Foi longo este segundo percurso conventual que, nas últimas etapas, assumiu o carácter duma subida ao Calvário. Uma subida que tem, à luz da fé, o significado dum aproximar-se da Casa do Pai. Assim o experimentou o ilustre Prelado Eborense, como deixou escrito nesta bela prece do seu testamento espiritual: “Senhor, concedei-me a graça de caminhar prontamente em paz, para o Vosso Reino, cheio de confiança nas Vossas promessas e reconfortado som o Corpo e Sangue de Cristo. Eu aguardo, confiadamente, a toda a hora e momento, a Vossa Chamada Divina”.
4. O Mistério do Corpo e o Sangue de Cristo, foi portanto, para usar a sua própria expressão, o seu conforto, o seu alimento, o seu farol. Durante quase setenta anos celebrou o grande Mistério Eucarístico, penhor da nossa ressurreição.
Celebrou-o tantas vezes neste mesmo altar, com os sacerdotes e a comunidade diocesana aqui representada na expressão mais alta e significativa da Igreja de Cristo.
Hoje já não consagra o pão e o vinho, mas canta diante do trono do Cordeiro Imolado o hino de glória, de louvor e de acção de graças.
Através do nosso antigo e venerando Pastor, a presente Eucaristia revela em termos expressivos a vinculação profunda a misteriosa do altar terreno com o trono do Cordeiro de que fala S. João no Apocalipse (cf.Ap.4.2-11).
Como escreveu o Papa João Paulo II na encíclica Ecclesia de Eucharistia, “ ao celebrarmos o sacrifício do Cordeiro unimo-nos àquela multidão imensa que grita: “ a salvação pertence ao nosso Deus, que está sentado no trono, e ao Cordeiro (Ap.7,10)”.
É neste clima da comunhão dos santos que nos despedimos do caríssimo Pastor da Igreja de Évora, D. David de Sousa.
5. Fazemo-lo, evocando Nossa Senhora da Conceição, Mãe de Cristo e nossa Mãe, Padroeira desta Arquidiocese e de Portugal. Conhecemos a terna devoção que o Senhor D. David tributava à Santíssima Virgem.
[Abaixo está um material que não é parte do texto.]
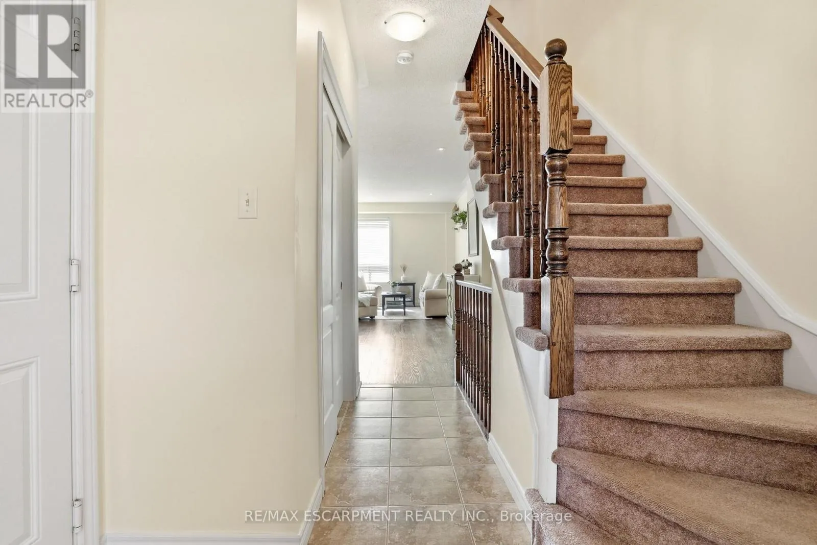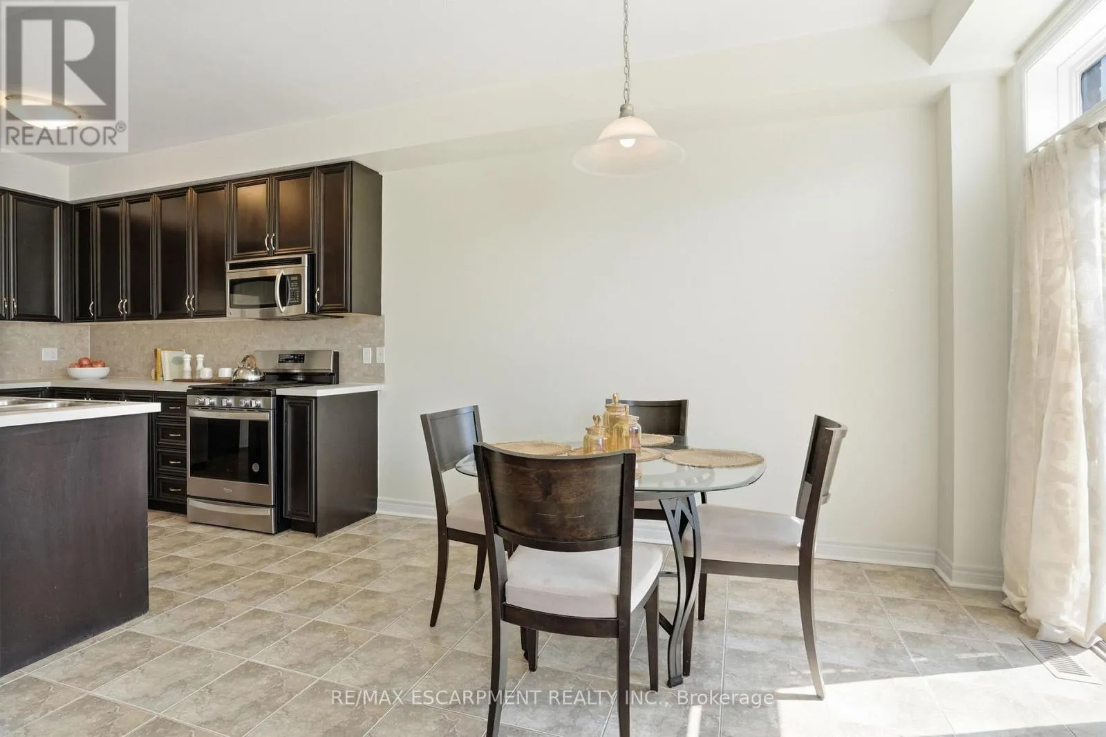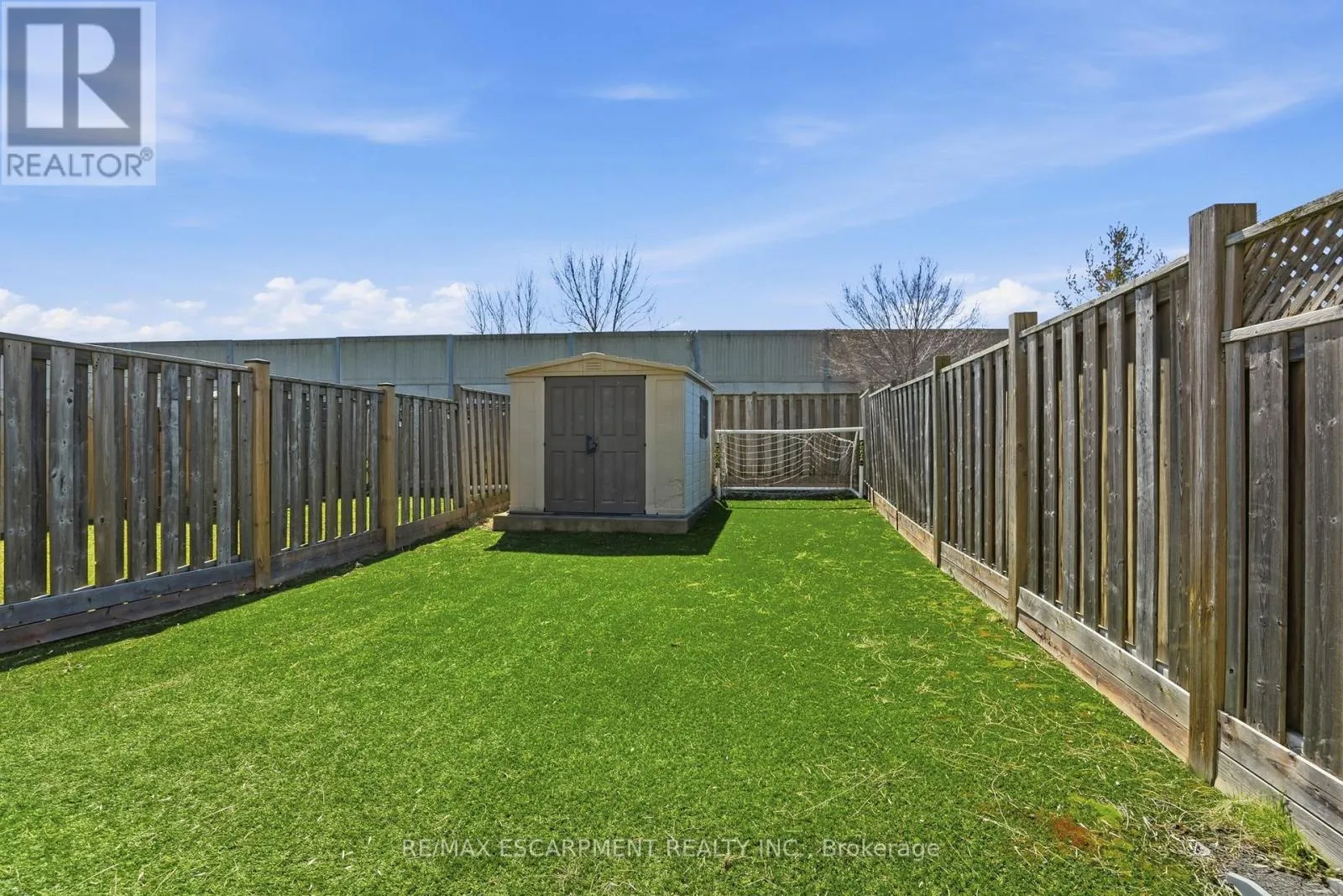 Fifty Rd to N Service Rd to Baseline Rd to Marina Point Cres This professionally renovated freehold townhome has been meticulously maintained from top to bottom - and it shows. With southern exposure bringing natural light into every room throughout the day, this home offers a rare combination of warmth, space, and thoughtful upgrades that make it truly move-in ready. Step inside and feel instantly at ease. Nine-foot ceilings, rich maple hardwood floors, and generous windows create a bright, open atmosphere that's ideal for both everyday family living and entertaining. The open-concept layout flows seamlessly into the eat-in kitchen, complete with stainless steel appliances, ample cabinetry, and a pantry for all your storage needs. A conveniently placed powder room in the foyer adds a practical touch. Step out from the kitchen onto the large concrete patio - a perfect extension of your living space - overlooking a private, maintenance-free oversized backyard with plenty of room for kids and pets. A spacious shed built on a concrete slab rounds out the outdoor space beautifully. Three generously sized bedrooms provide comfortable space for the whole family. The primary bedroom features a private three-piece ensuite, while a well-appointed four-piece family bath serves the remaining rooms. Upper-level laundry - just steps from every bedroom - adds everyday convenience you'll quickly wonder how you lived without. The fully finished basement extends your living space with a versatile rec room and a full three-piece bathroom - ideal as a teen retreat or home office. Additional storage throughout keeps everything neat and organized. RSA. (id:27476)
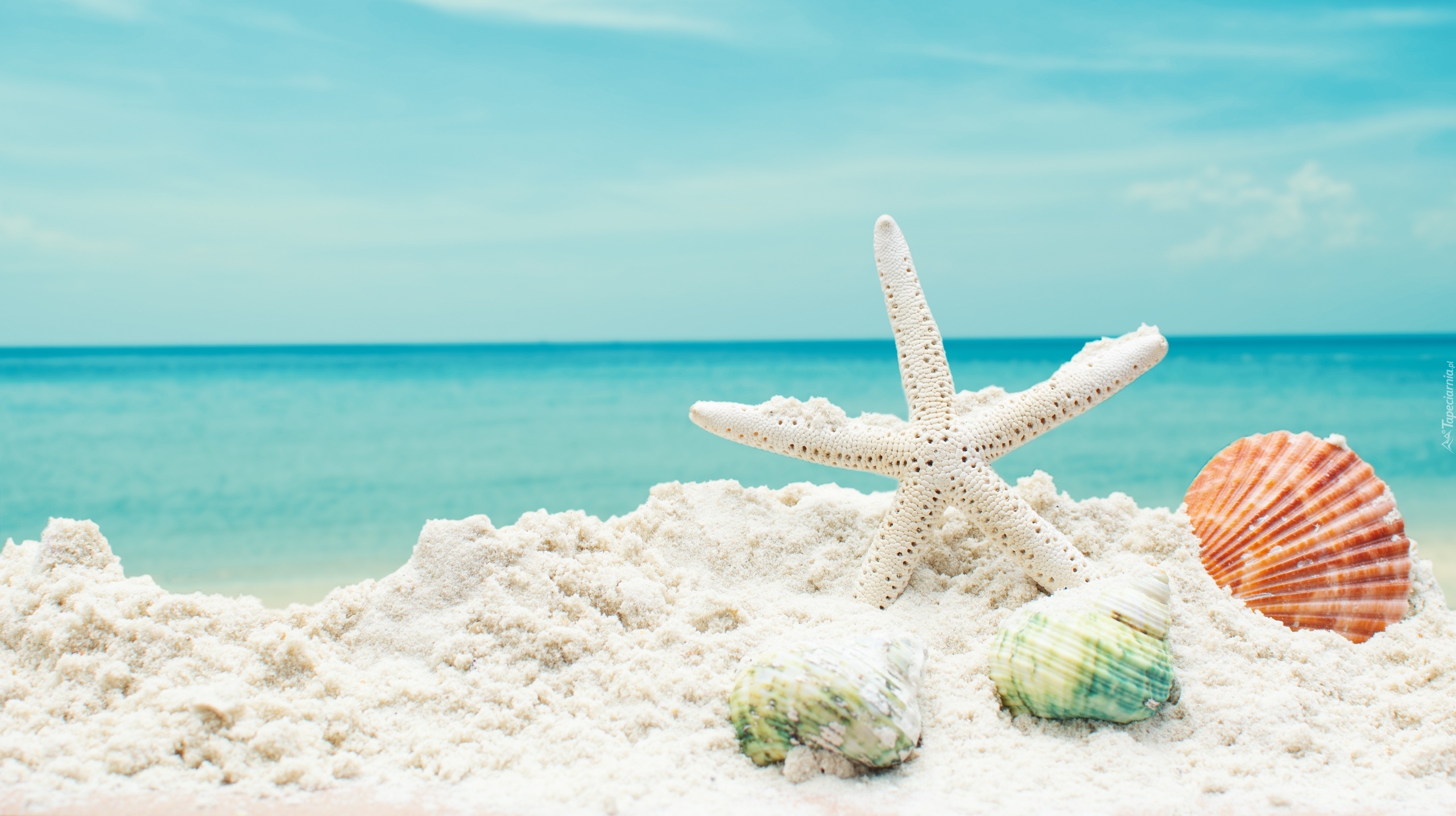 Edytor tapety: Rozgwiazda z muszelkami na piasku

Voltemos ao seu testamento espiritual: “Com Nossa Senhora, no seu Cântico de louvor “Magnificat” (Lc.1,46-47), eu alegro-me no Senhor, eu glorifico o Senhor e dou-lhe infinitas graças pelo dom de ter realizado a minha longa peregrinação pela terra: na pobreza, na dor, no trabalho, na fraqueza e na morte como preço respectivamente do reino dos Céus, da Alegria, do Descanso, da Glória e da Vida”.
Estas sentidas palavras do nosso saudoso e amado Arcebispo sejam para nós, que continuamos a peregrinar na terra, luz e estímulo para vivermos e testemunharmos uma fé sólida em Jesus Cristo, um profundo amor à Igreja e uma sincera devoção a Maria, a sermos construtores do Reino de Deus, Reino de paz, de justiça e de amor.